Франция отнюдь не отгораживается от новых идей. Стоило промелькнуть в газетах сообщению, что советские гинекологи применяют новый метод для обезболивания родов, как его стали применять во многих парижских госпиталях. После статей о работе советских селекционеров возникли кружки любителей-мичуринцев. Психиатры применяют все методы лечения, найденные немцами или англичанами. Психологи увлекаются лоботомией. Социологи заняты проблемой профессиональной ориентации, педагоги — политехническим образованием. Идеи, приходящие из-за границы, верные и неверные, быстро находят во Франции отклик. Большую роль сыграл Ницше. На романистов, если взять последние полвека, влияли Горький и Джойс, Чехов и Фолкнер, Хемингуэй и Кафка. В драматургии бесспорно влияние Пиранделло, Шоу, Лорки. Молодые поэты многое взяли у Маяковского. Сартр продлил философию датчанина Кьеркегора и немца Хайдеггера. Сюрреалисты увлекались фрейдизмом. Марксизм и советский опыт во многом определили творческий путь столь различных писателей, как Арагон и Элюар, Жан Ришар Блок и Роже Вайян, Куртад и Клод Руа.
Старое причудливо сочетается с новым. Франция не раз отступалась от того, что казалось ей несправедливым, неразумным, отжившим, но никогда Франция не отступалась от себя.
Много раз я слышал, как ревностные католики посмеивались над нравами духовенства или осуждали политику Ватикана. Я встречал убежденных консерваторов, которые с уважением, даже с гордостью говорили не только о сочинениях Сен-Жюста, но и о «Страстной неделе» Арагона.

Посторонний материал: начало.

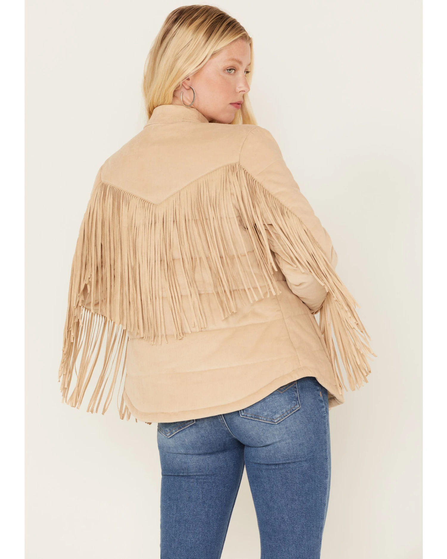 - Fringe details along back yoke and sleeves
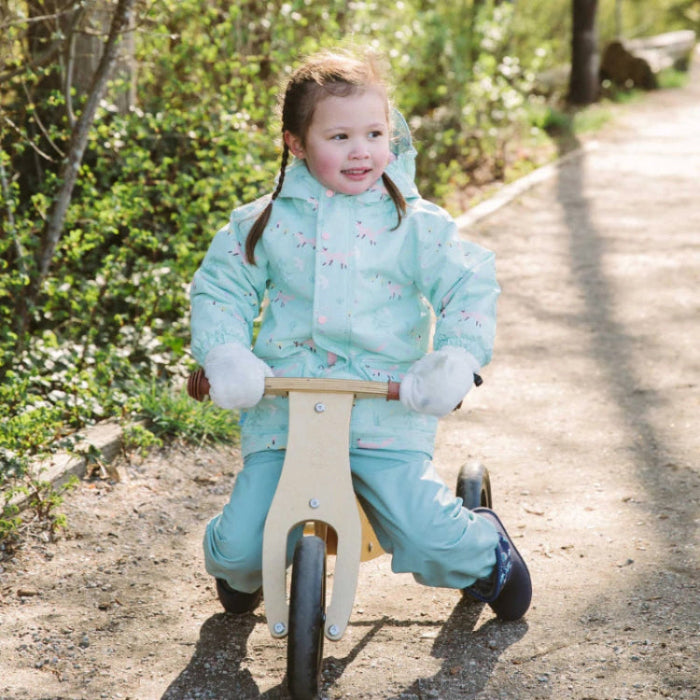 Pair these rain pants with cozy layers and a rain jacket for an all-weather outfit. Their soft dusty mint color works well in gender-neutral nurseries and follows sustainable, minimalist fashion trends for children’s outerwear.
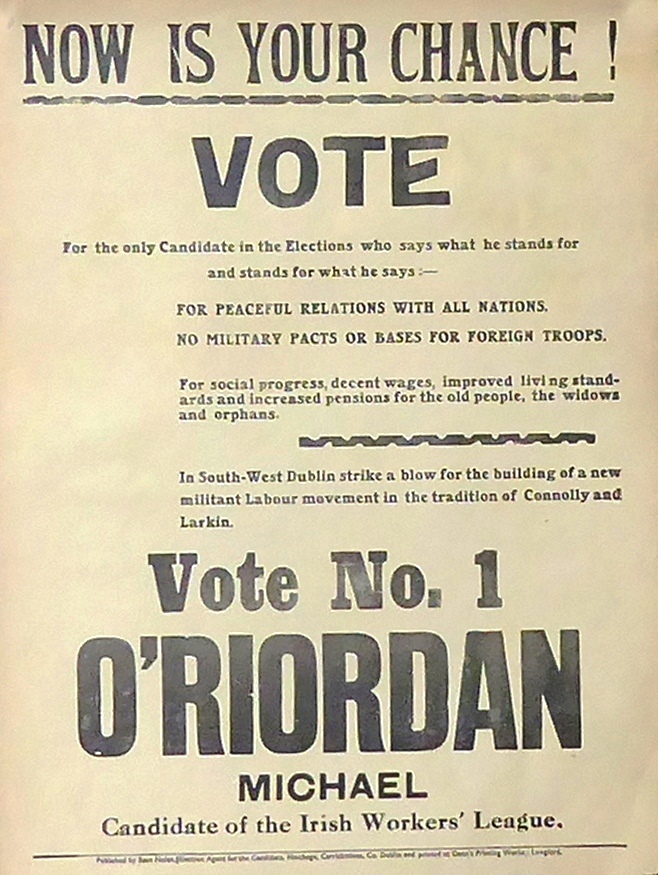 Scope and ContentPoster with the text: Now is your chance! Vote for the only candidate in the elections who says what he stands for and stands for what he says: For peaceful relations with all nations. No military pacts or bases for foreign troops. For social progress, decent wages, improved living standards and increased pensions for the old people, the widows and orphans. In South-West Dublin strike a blow for the building of a new militant labour movement in the tradition of Connolly and Larkin. Vote no 1, O'Riordan, Michael. Candidate of the Irish Workers' League.
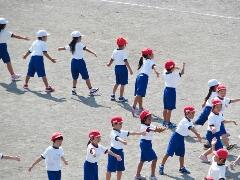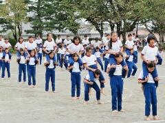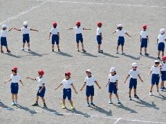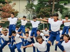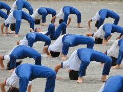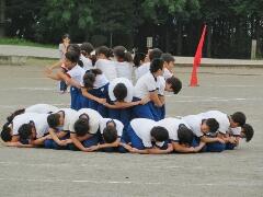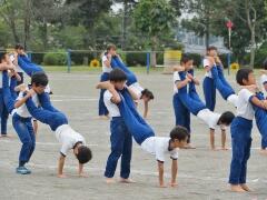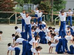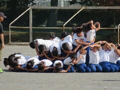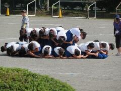 校庭での組み体操の練習を、遠目から見てみました。「よい姿勢」が際立ってきました。

Клодель был католиком, в своей общественной деятельности дипломатом, консерватором, но он был подлинным поэтом, и, может быть, самые теплые, самые благородные слова, посвященные его смерти, были подписаны Арагоном.
Гастон Монмуссо — один из старейших французских коммунистов. Он страстно любит Турень, где родился, и написал о ней книгу. Его герой Жан Бреко рассуждает о замке Азэ, построенном в эпоху Возрождения: «Ничего не скажешь, такие мы есть. Вот замок капиталистов. Капиталисты меня выводили из себя всю мою жизнь, как и вас всех. Я должен был бы ненавидеть этот замок, с его башнями, парадными лестницами, роскошной отделкой стен. И вот наоборот — я его люблю, — есть в нем что-то мое, вот в чем дело…»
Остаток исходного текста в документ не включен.